El gobierno del presidente Jair Bolsonaro se articula a este contexto, buscando ejercer un subimperialismo vasallo de los Estados Unidos. Representa el protagonismo político de una lumpenburguesia que con el apoyo mayoritario de la burguesía interna, temerosa de la organización de las clases trabajadoras impone la recesión estructural, altos niveles de desempleo, la aceleración de la desindustrialización y la transición a una nueva etapa de dependencia.

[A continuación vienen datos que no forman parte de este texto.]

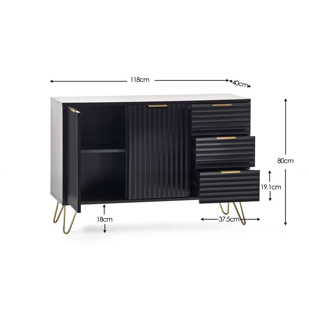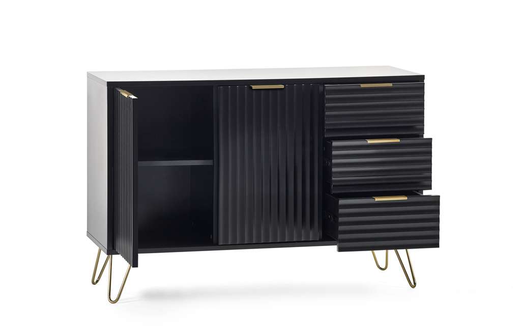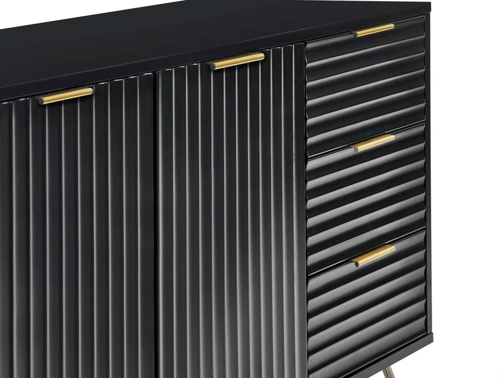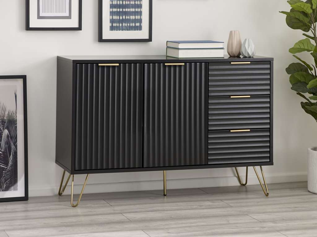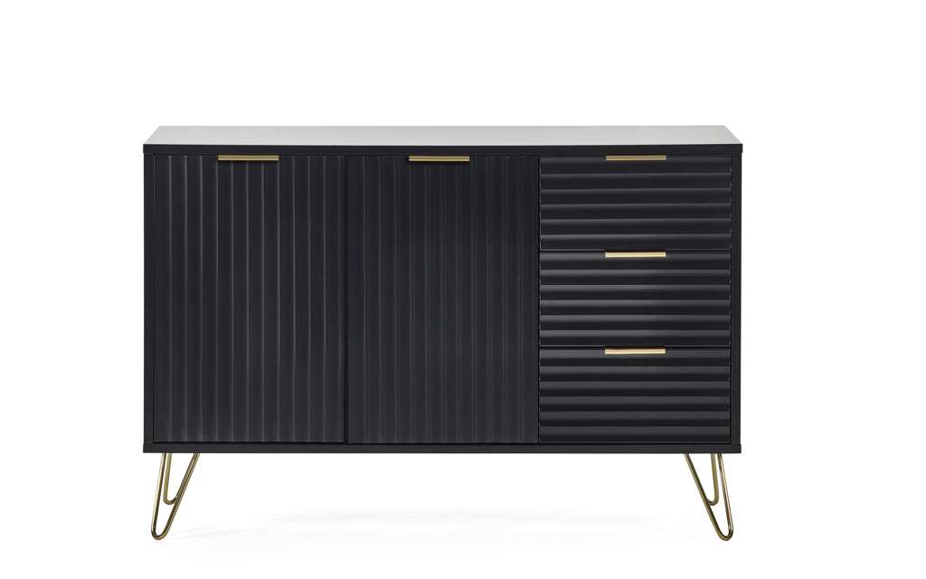 Sculpted fronts are a look that you do NOT want to miss out on. Murano is inspired by chic design â the brushed gold accents promote a high-end aesthetic that is on-trend but also perfect for various interior styles. How about pairing this collection with velvet sofas or bed to create the perfect feel for your home? This collection includes white finished bedroom pieces, and black finished living.
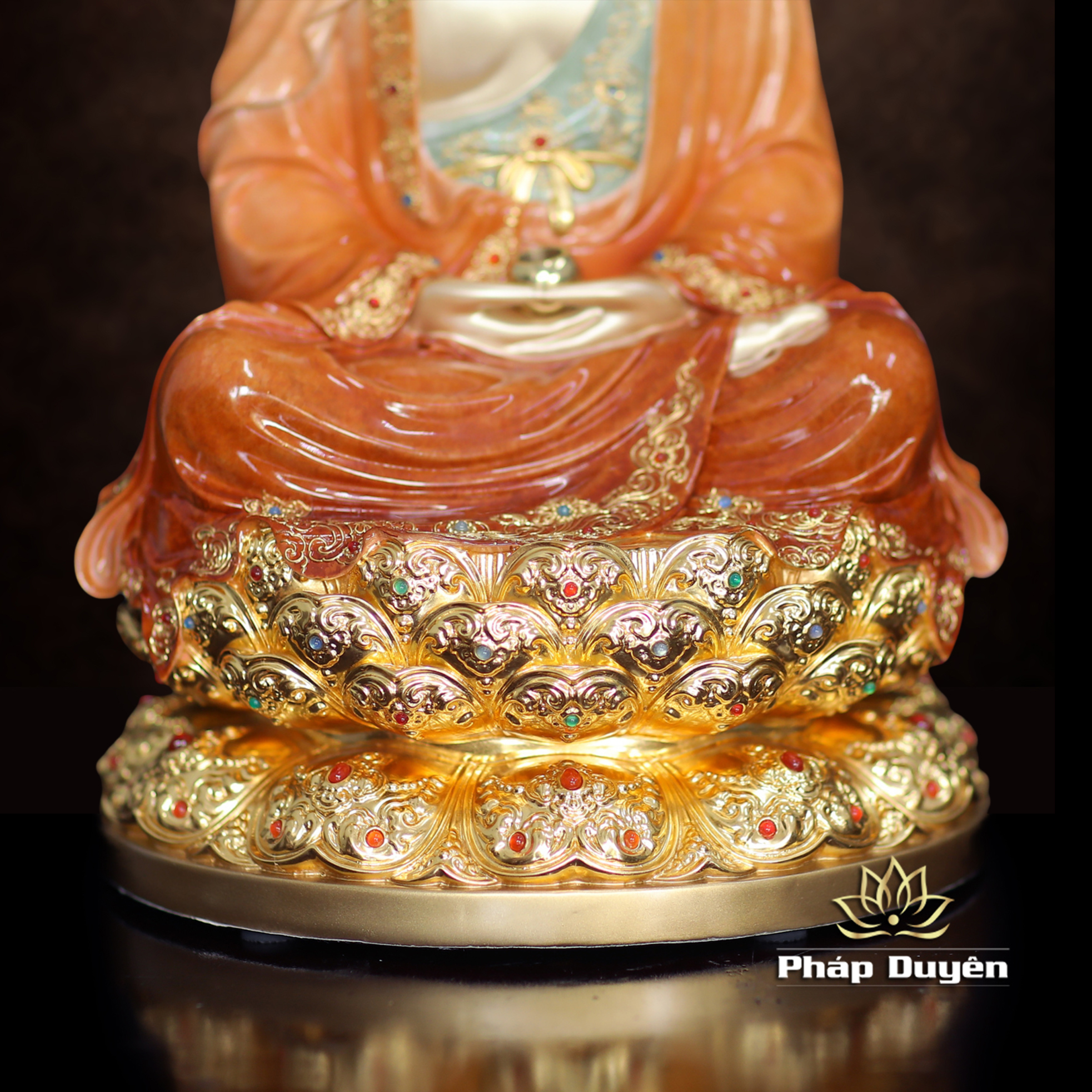 Tượng Bổn Sư Thích Ca Ngồi Tĩnh Tâm Bằng Lưu Ly Màu Hổ Phách Cao Cấp, Cao 30cm

El proyecto económico neocolonial, dirigido por el Ministro de Economía Paulo Guedes, es internacionalizar el sistema financiero brasileño, destruir los bancos públicos y dolarizar a Brasil, atándolo a la dominación estadounidense, de modo que arrastre a Sudamérica, aislándola de la influencia china y rusa o del resurgimiento de las políticas de integración soberana. Para eso se apoya en las políticas combinadas de reducción de las tasas de interés de la deuda pública, estrangulamiento de la financiación pública al sector productivo y recortes en el gasto público primario, que impulsan la fuga de capitales, la fuerte devaluación del real y la preferencia por la liquidez en dólares, así como en la aprobación futura del Proyecto de Ley de Liberalización Cambial (5387/19).
A pesar del alto nivel de reservas, el COVID-19 golpea una economía vulnerable dirigida por grupos que resisten a flexibilizar las políticas de recesión estructural. Los intentos fallidos del presidente Bolsonaro de minimizar los riesgos humanos de la pandemia, evitar restricciones en el movimiento de personas y colocar la actividad económica por encima de la vida humana han erosionado su popularidad, que, sin embargo, sigue sostenida por el 30% de la población. Las políticas anticrisis que representan el 10% del PIB se han orientado a garantizar la rentabilidad y los activos de los sectores financiero y empresarial. Encuentran en PL 10/2020, que permite que el Banco Central intervenga sin límites en el mercado secundario de capital, financiero y de pagos, su principal expresión. Al mismo tiempo, el gobierno permite a los empresarios despedir o «negociar» la suspensión de los contratos de trabajo y recortar salario/jornada de trabajo hasta 70%, ofreciendo como compensación a los trabajadores proporcionalmente el monto del seguro de desempleo, cuyo valor máximo es de aproximadamente $340. A los trabajadores informales se les ofrece $112, alrededor de 57% del salario mínimo.
La crisis económica, social y política brasileña continuará avanzando con fuertes implicaciones geopolíticas regionales. Un proyecto tan subordinado al imperialismo estadunidense produce alto nivel de centralización y concentración de capitales, restricciones ideológicas al comercio exterior y choques en el proceso de reacomodación burguesa. Las izquierdas deberán aprovechar desde una perspectiva propia, socialista y democrática, las energías liberadas por estas fracturas, sin subordinarse a ellas.
Carlos Eduardo Martins
Carlos Serrano Ferreira
Nota del Editor: El presente artículo forma parte del boletín «Integración regional: Una mirada crítica», número 8, publicado por el Grupo de Trabajo Integración y Unidad Latinoamericana del Consejo Latinoamericano de Ciencias Sociales (CLACSO).